--- EXCERPTED RECORDS ---
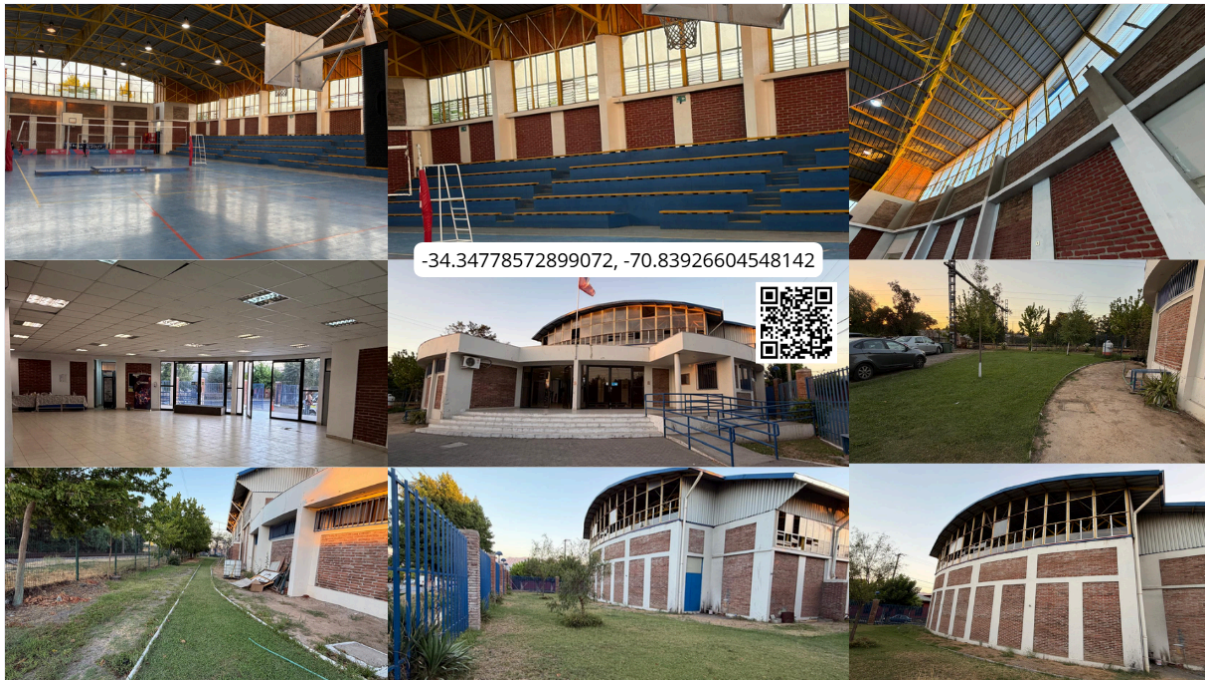
Imagen N° 54
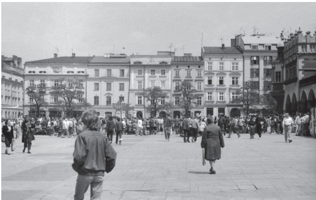
Północno-zachodnia część płyty Rynku Głównego

Wykonana według projektu prof. arch. Wiktora Zina w latach 1962–1964 nawierzchnia była w złym stanie 2 . O konieczności jej remontu mówiono już od końca lat 80. XX wieku. Kilka koncepcji modernizacji płyty Rynku powstało w latach 90. ubiegłego stulecia 3 . Zbliżała się 750. rocznica wystawienia aktu lokacji Krakowa na prawie magdeburskim 5 czerwca 1257 roku. Inwestycje w obszarze Rynku wpisywały się w program uczczenia tego wielkiego jubileuszu w roku 2007. Rynek – centrum układu lokacyjnego miasta – wymagał nowej aranżacji i oprawy, tym bardziej że w 2000 roku Kraków był Europejską Stolicą Kultury.
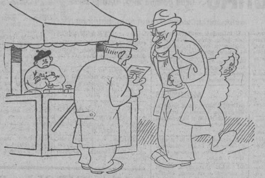
—Conforme; ahí van los dos duros, pero póngame usted el número en el recibo. —¡Bah! ¡Bah! ¿Pero usted es de los que creen en la lotería?
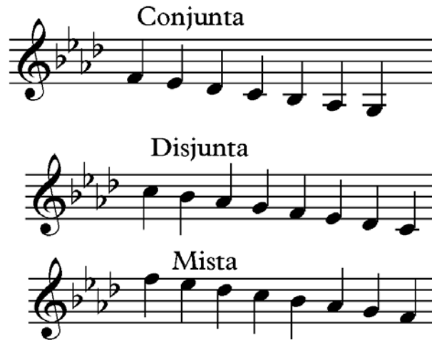
Fig. 2: Três resultantes escalares geradas pela junção de tetracordes (Barry, 1919, p.580)

rior e a mais grave do tetracorde superior, a escala resultante era conjunta, tendo uma extensão de sétima menor. Mas, se o intervalo de um tom separava os dois tetracordes, a escala era então definida com disjunta, por causa da presença do tom de disjunção. Se, entretanto, a escala conjunta fosse estendida de modo a compreender uma oitava, pela adição de um intervalo de um tom na sua base, a escala torna-se mista ou de forma alternada.” (BARRY, 1991, p.580).

--- TASK DETAILS ---
The lines to write out run from the one with "Fig. 2: Três" through the end of the records. Give them exactly, and only them.

--- TASK RESULT ---
Fig. 2: Três resultantes escalares geradas pela junção de tetracordes (Barry, 1919, p.580)

rior e a mais grave do tetracorde superior, a escala resultante era conjunta, tendo uma extensão de sétima menor. Mas, se o intervalo de um tom separava os dois tetracordes, a escala era então definida com disjunta, por causa da presença do tom de disjunção. Se, entretanto, a escala conjunta fosse estendida de modo a compreender uma oitava, pela adição de um intervalo de um tom na sua base, a escala torna-se mista ou de forma alternada.” (BARRY, 1991, p.580).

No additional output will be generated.